犯罪の被害に遭ったら

被害者参加制度について

刑事事件で、一定の犯罪の場合、被害者が刑事裁判に直接参加することができる制度です。

参加の申出ができるのは、

  1. 殺人、傷害などの故意の犯罪行為により人を死傷させた罪
  2. 強制わいせつ、強制性交等などの罪
  3. 逮捕及び監禁の罪
  4. 略取、誘拐、人身売買の罪
  5. 2~4の犯罪行為を含む他の犯罪
  6. 過失運転致死傷などの罪
  7. 1~5の未遂罪

被害者、被害者の方が未成年者であれば法定代理人、または被害者の方が亡くなってしまった場合には、その配偶者、直系の親族若しくは兄弟姉妹の方です。

裁判所から刑事裁判への参加する許可を受けたら、犯罪被害者などは被害者参加人と呼ばれることになります。
被害者参加人になるためには、検察官を通じて、裁判所に対し、刑事裁判への参加を申し出ます。

被害者参加人になると、

  1. 公判期日に出席すること
  2. 検察官の権限行使に関し、意見を述べ、説明を受けること
  3. 証人に尋問をすること(情状に関する事項)
  4. 被告人に質問をすること
  5. 事実関係や法律の適用について意見を陳述すること

ができるようになります。

被害者参加人は、刑事裁判に参加するに当たり、上の1~5の行為を弁護士に委任することができます。このように被害者参加制度は、被害者の方やご遺族等の方が被害についての気持ちや事件についての意見を法廷で述べることができる制度です。
これにより、裁判が被害者の方やご遺族等の方の気持ちや意見をも踏まえた上で行われることになり、さらに、被告人に被害者の方やご遺族等の方の気持ちなどを直接聞く機会を与えることができます。
他方で、被害者の方やご遺族等の方が被告人の前で意見を述べたり、質問をしたりするのは、怖いと考える方が多いと思います。
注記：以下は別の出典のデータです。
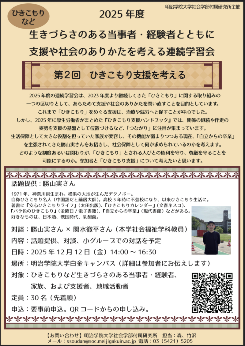 開催日: 2025年11月8日(土) 、 2025年11月15日(土) 、 2025年11月22日(土) 、 2025年11月30日(日)

その場合は、弁護士に委任されることをお勧めします。
弁護士が被害者の方やご遺族等の方に代わって、被害についての気持ちや事件についての意見を法廷で述べたり、証人や被告人に質問することができます。

損害賠償命令制度について

そのほかに、損害賠償命令制度というものがあります。
これは、刑事事件を担当した裁判所が、有罪の言渡しをした後、引き続き民事事件の損害賠償請求についての審理も行い、加害者に損害の賠償を命じることができるという制度です。
損害賠償請求に関し、刑事手続の成果を利用するこの制度により、犯罪被害者の方が、刑事事件とは別の手続で民事訴訟を提起することに比べ、犯罪被害者の方の立証のご負担が軽減されることになりますし、早期に損害賠償請求事件も解決することができます。